New Regulatory Affairs Manager for Africa
As a regulatory affairs expert with previous experience developing regulatory processes for genetically modified organisms and insect vectors, it is a great privilege for me to be joining Target Malaria as Regulatory Affairs Manager for Africa. Throughout my career I have had the opportunity to work on establishing regulatory frameworks and best practices for the safe and responsible use of genetically modified organisms, an expertise that is highly relevant to the project’s current and future work. My professional experience has also given me the opportunity to observe first-hand the wealth of biosafety experience African regulators and policy makers have developed on the continent and I am excited to be joining the project to continue engaging with peers across the African region.
I started my career with a postdoctoral position at the International Centre for Insect Physiology and Ecology (ICIPE) in Nairobi, Kenya, from where I was posted to work in Zambia with the Zambian Ministry of Agriculture as ICIPE’s Resident Scientist for five years. Following this role, between 1996 and 2005, I served as Associate Executive Secretary, Uganda National Council for Science and Technology (UNCST), where I led several taskforce teams to draft national biotechnology and biosafety policies, guidelines and standard operating procedures. Concurrently, I also coordinated a joint regional programme for biotechnology, biosafety and bio-policy, which was aimed at strengthening biotechnology and biosafety development and regulation in four East African countries – Ethiopia, Kenya, Tanzania and Uganda – through the promotion of quality research, development of enabling structures and related policies.
Between 2005-2015, I worked with ASARECA, an intergovernmental organisation embracing 11 countries in Eastern and Central Africa where I served as Program Manager for the Agrobiodiversity and Biotechnology Program. My core responsibility was the management of a competitive grant scheme to support national agricultural research organisations and some private sector players. The assignment also entailed helping national competent authorities to develop policies, laws, guidelines, and tools for making regulatory submissions while ensuring regulatory compliance for commissioned projects.
Finally, from 2015 to May 2021, I served as the National Biosafety Committee (NBC) Chairperson in Uganda where I led and oversaw regulatory processes for biosafety. My work as a public servant was focused on furthering the interests of the general public by ensuring that novel biotechnology applications were used and assessed safely, responsibly, and fairly.
My regulatory experience also includes facilitating biosafety and biotechnology workshops in over thirty countries in Africa. At the international level, I have attended biosafety trainings and exposure events in many European countries, in the USA, and in Canada to name a few.

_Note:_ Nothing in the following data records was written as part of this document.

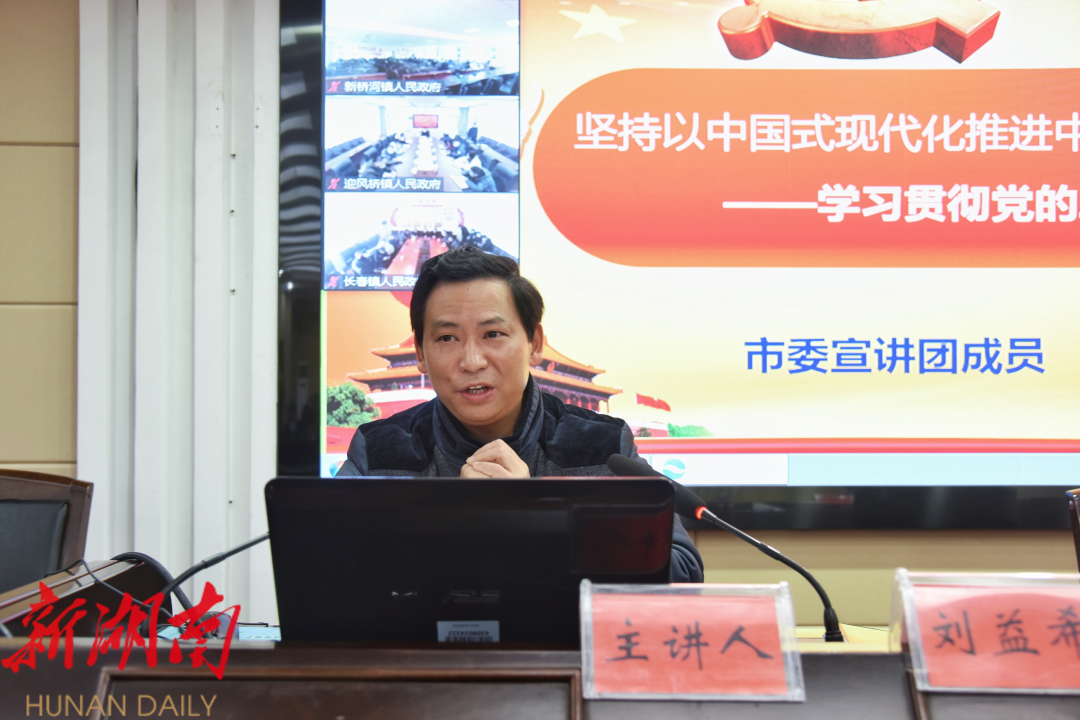 会上,刘益希以《坚持中国式现代化推进中华民族伟大复兴——学习贯彻党的二十大精神》为题展开宣讲,围绕“党的二十大的主题及主要成果、新时代5年巨大成就与10年伟大变革、开辟马克思主义中国化时代化新境界、中国式现代化、全面建设社会主义现代化国家目标任务、坚持党的全面领导和全面从严治党、用奋斗应对风险挑战创造新的伟业”七个方面,对党的二十大提出的新思想新论断、作出的新部署新要求,进行了全面、系统、深刻的阐释解读。
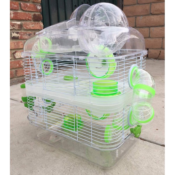 • Two front doors. Comes with one water bottle and Complete Food dishes and exercise wheels for each level
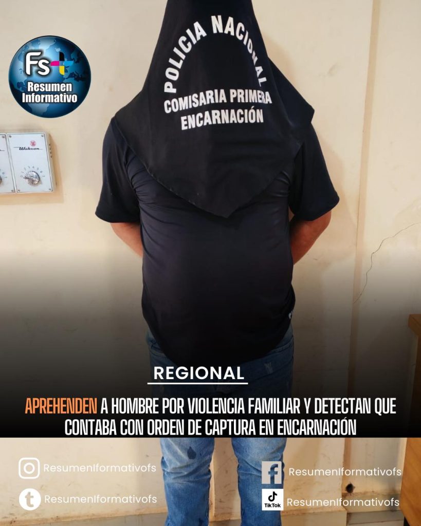 APREHENDEN A HOMBRE POR VIOLENCIA FAMILIAR Y DETECTAN QUE CONTABA CON ORDEN DE CAPTURA EN ENCARNACIÓN.
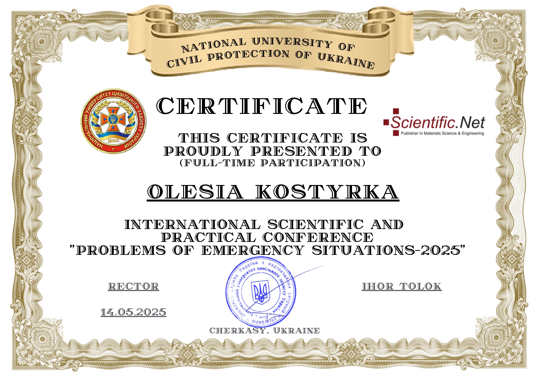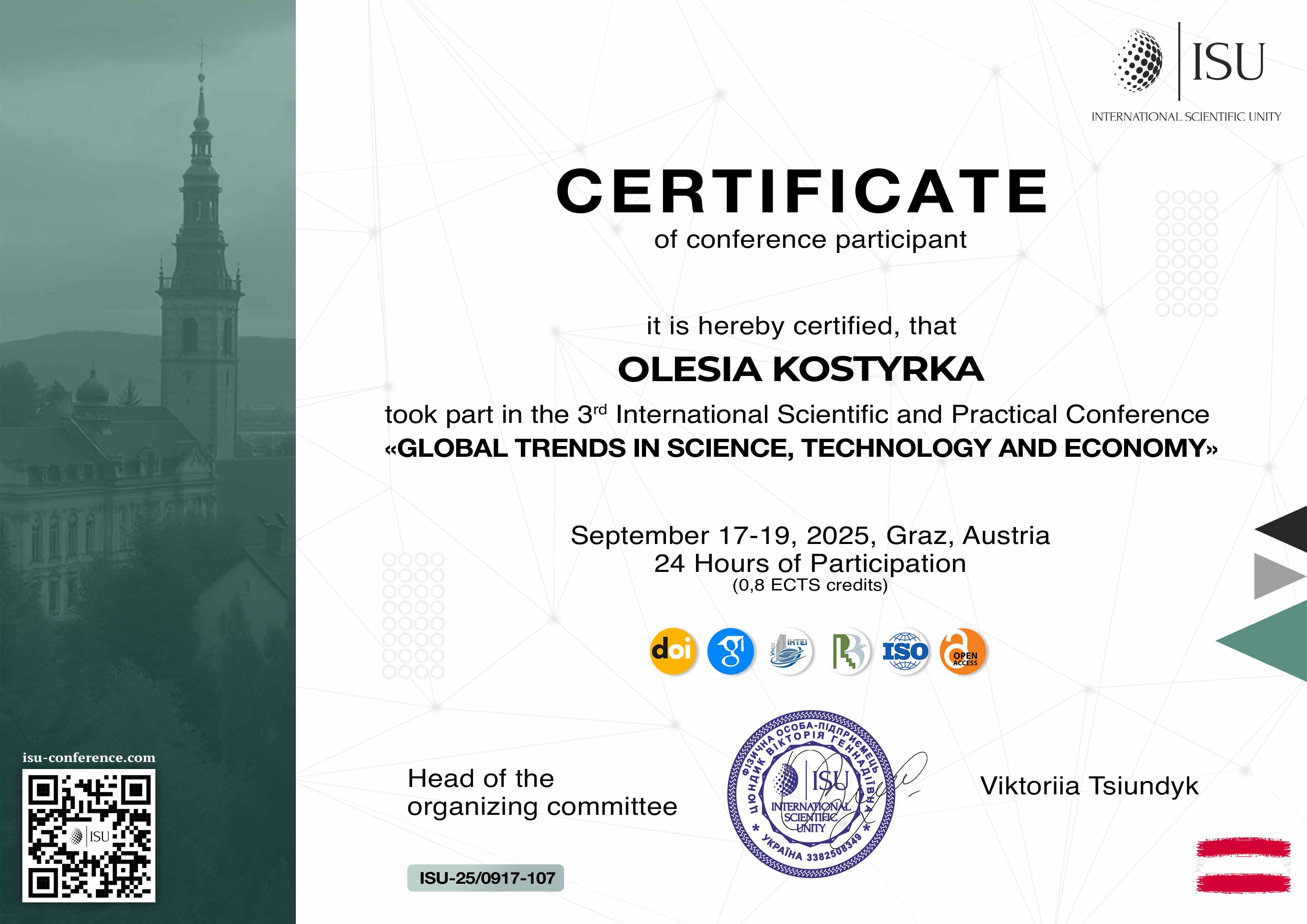 - Kostyrka Olesia, Borsuk Olena. Digitalization and automation in occupational safety under martial law in ukraine. 3-тя Міжнародна науково-практична конференція «Global Trends in Science, Technology and Economy», Graz, Austria, September 17-19, 2025, С.165-168.
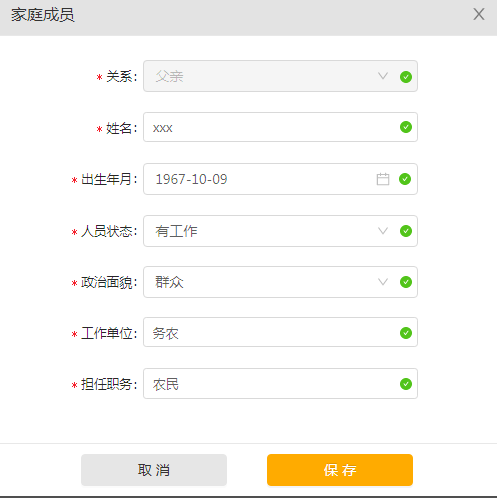 家庭成員這里可能產生問題的主要是“人員狀態”,如果選擇無工作等,工作單位和職位自動就無需填了。
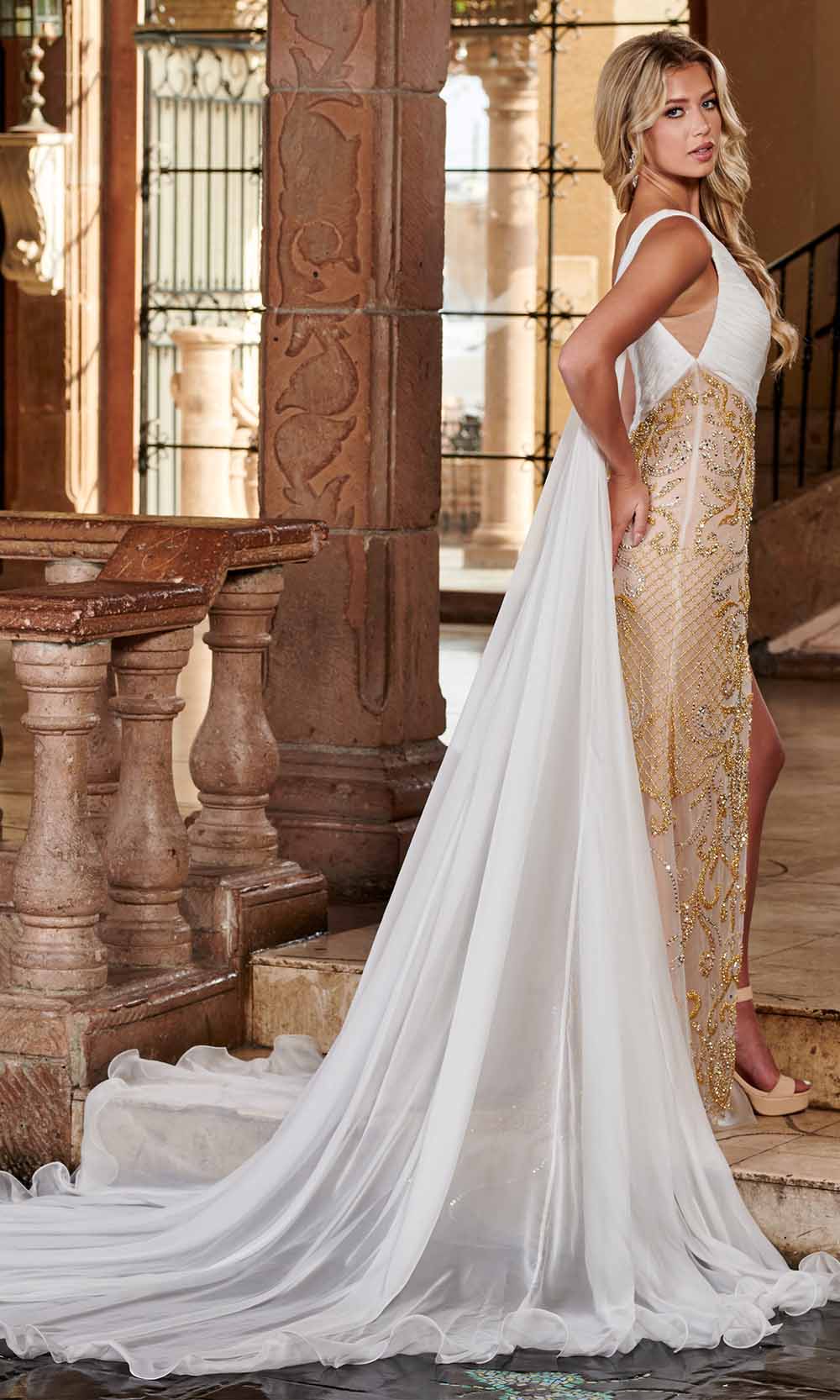 The Rachel Allan 50261 gown is a luxurious chiffon masterpiece that will make heads turn at any event. With a one shoulder neckline, ruched bodice, and high slit, this gorgeous gown is adorned with an exquisite beading pattern and stylish cape-like train on the shoulder. Perfect for pageant nights or any special occasion, this one-of-a-kind designer piece from Rachel Allan dazzles with luxury and sophistication. Models are wearing Jade, and Nude/White colors.
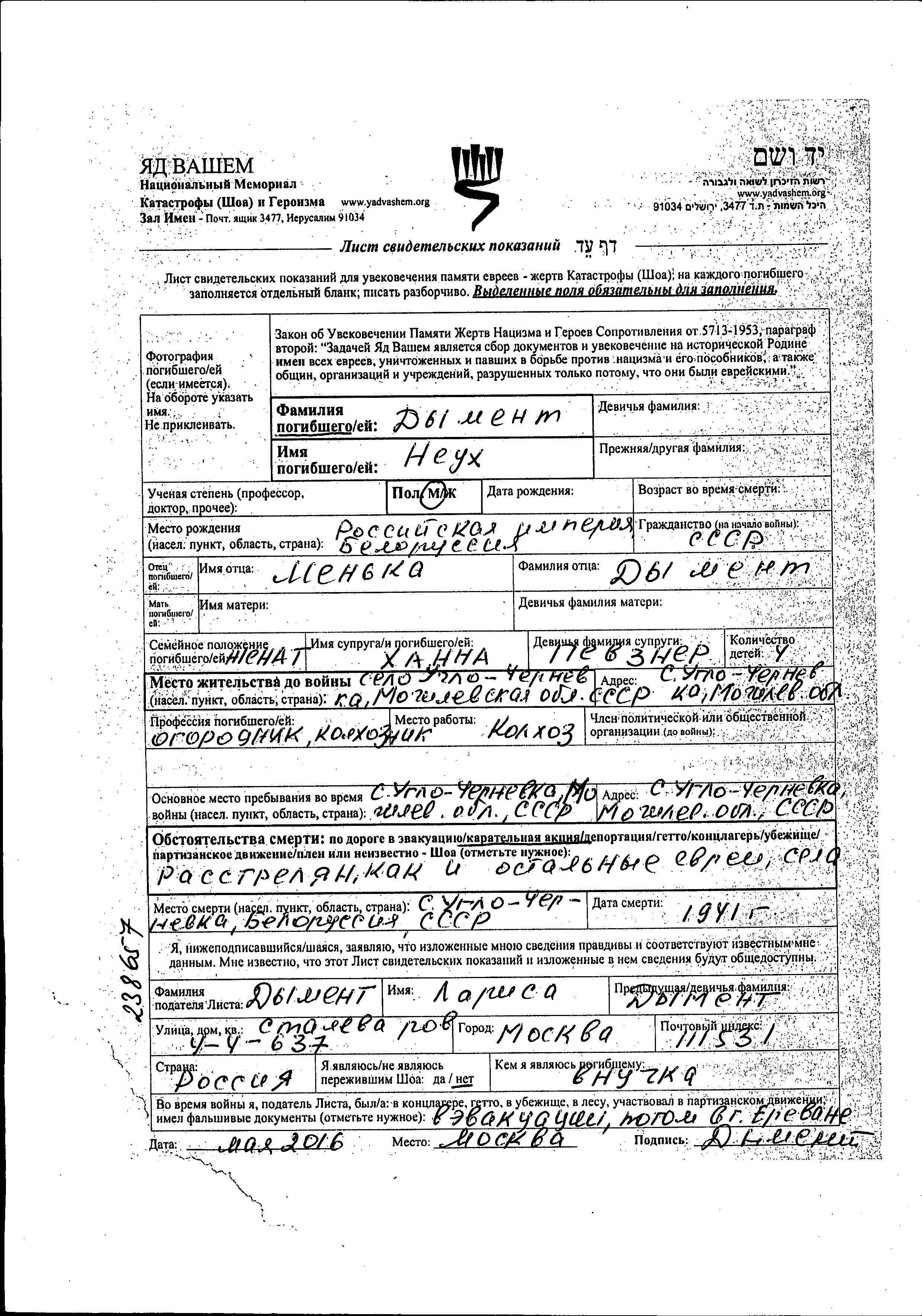 Neukh Dyment was born in Russian Empire to Menka. He was a kolkhoznik / kolkhoznitza and married to Khanna nee Pevzner. Prior to WWII he lived in Chernevka, Belorussia (USSR). During the war he was in Chernevka, Belorussia (USSR). Neukh was murdered in the Shoah. Place of death: Chernevka, Belorussia (USSR), 1941.

I hold a bachelor’s degree in Zoology and Botany with a concurrent Diploma in Education from Makerere University, Uganda and a master’s degree in Agricultural Entomology from the University of Nairobi, Kenya. I have also obtained a Ph.D. degree in Applied Entomology from Rivers State University of Science and Technology, Port Harcourt, Nigeria.
I am pleased to be joining Target Malaria as this offers the opportunity to apply my regulatory affairs expertise to guide and advise the project’s innovative work and to contribute to research towards new non-profit vector control tools intended to reduce the burden of malaria in Africa. Malaria is a preventable and treatable disease which robs the continent of so much potential. As progress in the fight against malaria continues to stall, innovation and the development of new tools could be crucial to step-up the fight against this century-old scourge. It is key that regulators and policy makers across the continent are cognisant and well-informed in regards to new technologies being developed so they can make well-grounded decisions. I am excited to support this process and hopeful that my experience will go a long way to ensure that Target Malaria’s research activities remain well-regulated in accordance with both national and regional guidelines and regulations.
In my spare time, particularly during weekends, I enjoy spending time on our family farm, where I supervise ongoing activities in my young coffee plantation including the pruning of fruit, vegetable, herb and spice plants growing alongside the coffee.